Hab hier im Forum auch scho nen Link gesehn, der auf ein Spiel zeigt, was in Java ist,aber(wenn ich das richtig verstaqnden hab) auf einer externen GrafikEngine aufsetzt.
Ist es auch Möglich direkt mit Java und OpenGL ne GrafikEngine zu schreiben?


----------



## AlArenal (3. Aug 2006)

arnydaniel hat gesagt.:
			
		

> > also wäre es rein prinzipell möglich ein genauso mächtiges java spiel zu erstellen, oder?
> 
> 
> Die Frage wurde noch nicht beantwortet - würde mich auch mal interessieren!



Die ANtwort auf die Frage nach der prinzipiellen Möglichkeit der Erstellung eines ähnlichen Spiels in Java ist "ja".



> Hab hier im Forum auch scho nen Link gesehn, der auf ein Spiel zeigt, was in Java ist,aber(wenn ich das richtig verstaqnden hab) auf einer externen GrafikEngine aufsetzt.
> Ist es auch Möglich direkt mit Java und OpenGL ne GrafikEngine zu schreiben?

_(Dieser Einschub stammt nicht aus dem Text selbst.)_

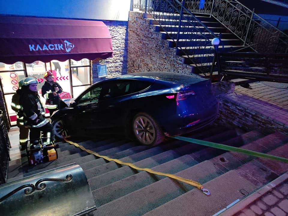 Автомобіль марки "Тесла" під час паркування біля супермаркету не врахував дорожньої ситуації, вчасно не загальмував і з'їхав сходами вниз до магазину.
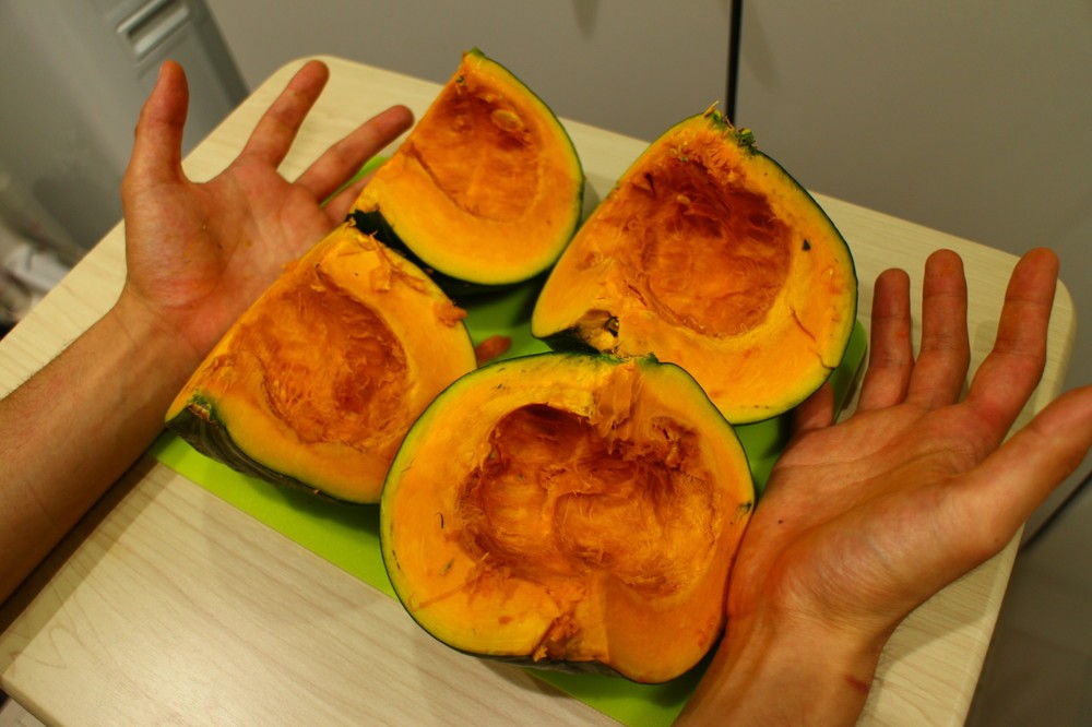 ここにレンジでチンして柔らかくなったカボチャがあるじゃろう?

Was verstehst du unter "extern" und "direkt"?
In C++ ist auch keine Grafikengine integriert. So gesehen ist wohl jede Grafikengine "extern".


----------



## EgonOlsen (3. Aug 2006)

arnydaniel hat gesagt.:
			
		

> Ist es auch Möglich direkt mit Java und OpenGL ne GrafikEngine zu schreiben?


Die OpenGL-Anbindung ist momentan (noch) kein fester Bestandteil von Java, d.h. du musst eine "externe" nutzen. z.B. LWJGL oder JOGL. Das sind aber nur ganz schmale Wrapper (LWJGL noch mehr als JOGL) um die OpenGL-Aufrufe herum. Damit kannst du dann selbstverständlich auch deine eigene Engine bauen oder eine der existierenden nehmen.


----------



## Soulfly (4. Aug 2006)

Eines an deiner Aussage verstehe ich nicht. Was meinst du mit schmal?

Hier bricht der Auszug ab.